Because they thought brothers and sisters needed to stay together.
Well, let me admit something atrocious.
If I never saw my brother again, it would be too soon.
“Just you and me, eh, sis?” Amon asked cheerfully.
I nearly threw up when he put his arm around my neck and started to squeeze.
Then I was near passing out because he knew exactly where to restrict blood flow to my brain with his hold.
But I didn’t dare say a word, because I knew tattling got me nowhere.
Well, it did get me somewhere.
In a world of hurt.
• • •
Fifteen years old
I should’ve known that my birthday wouldn’t go well.
I was fifteen years old, and I’d learned the truth years ago—nothing good ever happened to me.
Nothing.
I should’ve remembered that.
Except, I’d had a dream that this day would be different.

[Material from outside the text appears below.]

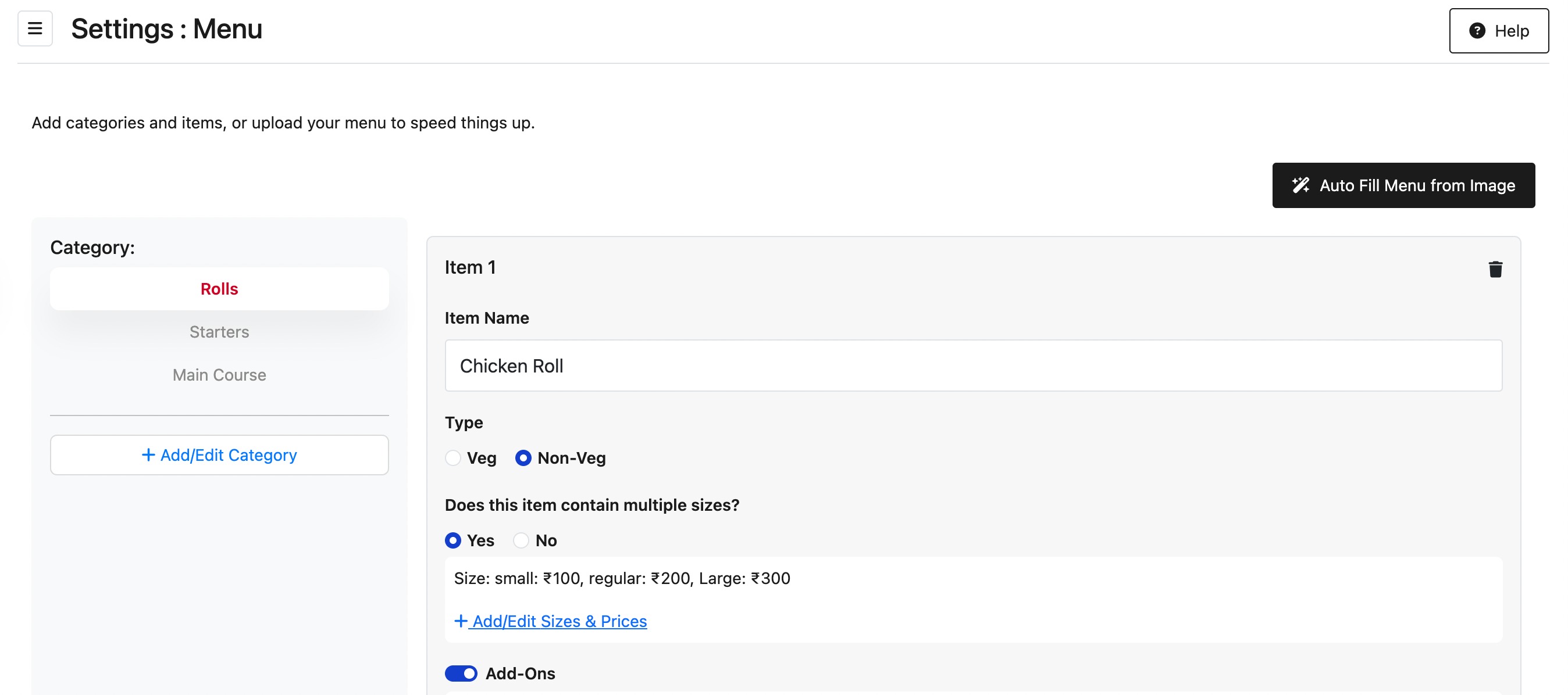 Use the Auto Fill Menu from Image option if you want to upload your existing menu.

Now that we were separated, and he was no longer a child in the eyes of the law, I would be able to live a life again.
I was wrong.
Amon may not live with me, but he found a way to make his presence known.
And, for shits and giggles, he made sure to always show me that he could reach me, no matter what.
Like today.
Today, I’d gone to school happy, clean, and for once, optimistic.

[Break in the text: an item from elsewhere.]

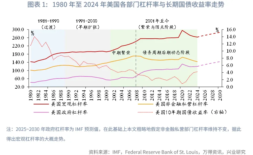 本文将美国主导的全球第三轮债务周期划分为以下四个阶段:1980年至1990年(新旧周期过渡阶段)、1991年至2000年(早期扩张阶段)、2001年至今(繁荣与顶点阶段)。基于Dalio对当前债务周期的判断,我们可将2001年至2008年划分为中期繁荣阶段,其主要特征是信贷扩张加速与资产价格泡沫的同步上升。2008年金融危机至今,进入债务周期的“后期动态(late-cycle dynamics)”阶段。这一阶段的核心特征在于去杠杆与再杠杆并存、货币政策边际效力下降,财政与货币政策一体化,以及高债务、高通胀与社会分裂并行,债务周期已逐渐逼近顶点。因此,本文将2001年至今的繁荣与顶点进一步划分为两个小节进行讨论:其一为“中期繁荣阶段”,其二“后期动态阶段”。

I’d gotten home to find my foster parents had been murdered.
When my bus dropped me off, the first thing to catch my eye was the yellow crime scene tape.

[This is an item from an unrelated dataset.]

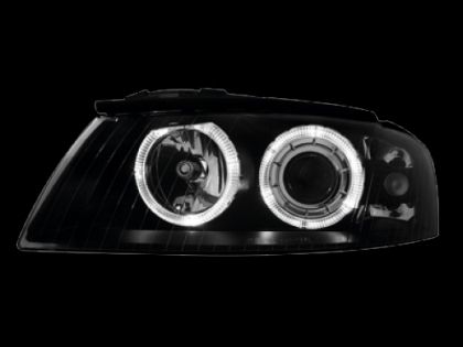 Φανάρια εμπρός angel eyes για Audi A3 (2000-2003) – μαύρα , χωρίς λάμπες (Η7) – σετ 2τμχ.

Then it was the cops that were all mingling around in the front yard, looking upset.
But even though I knew that I shouldn’t, I got off the bus anyway and walked up to them.
“W-what happened?” I asked quietly.
The first cop that got to me stilled me with a hand on my shoulder.
Then he told me the news.
My foster parents, the best that I’d ever had, had been murdered in their beds.
And I knew.
I knew.
Closing my eyes, I whispered. “My brother…”
The words stilled in my mouth as I looked up to find two men walking toward me.
Both in suits and looking important.
“Looks like you have a big brother that’s willing to take you in,” the man in the suit standing next to my brother said. “You don’t need a foster home.”
I swallowed hard, knowing that, no matter what, this wouldn’t end
how I wanted it to end.
I would be going to my brother’s.
I would have to either agree or run away.
And only one of those options was going to get me finished with school.
“Umm.” I licked my lips, wondering why in the hell my brother was dressed like that. “Uhh…”
“She’s in shock.” My brother’s eyes, a wild blue just like my own, looked at me with a soullessness that turned my blood cold. “I’ll get her home. Thank you for all the help, gentlemen.”
And he did.
To our old, broken-down trailer sans parents—since he’d killed them, too.
“You almost had a brain fart there, didn’t you, sis?” Amon asked, looking amused, even though I knew that to be untrue. “Glad I got there when I did.”
My brother didn’t have emotions.
He was a true psychopath.
Oh, he could fake them.
He could fake a lot of things—like being sane, being a good brother, being rich—but he couldn’t hide the truth from me.
Not any longer.
“I didn’t say anything,” I whispered.
And I didn’t.
Because, if there was one thing that I knew, it was that the punishment for tattling was always bad.
So, so bad.
CHAPTER 1
No matter how stupid you feel, remember that Little Red Riding Hood couldn’t flush out that a wolf was dressing in drag and acting like her grandmother.
-Dory’s secret thoughts
DORY
“What’s the one way you’d never like to die?” Lulu asked. “Like mine? I’ve had a fear of log trucks. After watching Final Destination, I am terrified to drive past one because all I can see is the log’s chain breaking, and them falling on me.”
“Suffocation,” I whispered, so desperately wanting to fit in, to be a normal nineteen-year-old. “I’m terrified that someone will hold me under the water and drown me.”
Or smother me with a pillow.
“What about you, Della?” Lulu asked. “What’s your worst fear?”
“Worst fear? Or worst way to die?” Della asked curiously, sipping on her illegally bought alcoholic drink.
“Either,” Lulu said.
Della shrugged. “I’m terrified of being beaten up and raped while I’m running. I carry mace and a knife with me.”
That was a horrific thought.
But since I didn’t run, that had never occurred to me before.
But, since Della was well on her way to being a superstar runner in track and field, I could see how that would be a scary situation for her.
“I have a fear of losing my boyfriend,” the newest girl to our group, Mimi, said. “Like one day, I’m gonna wake up, and he’s going to be dead.”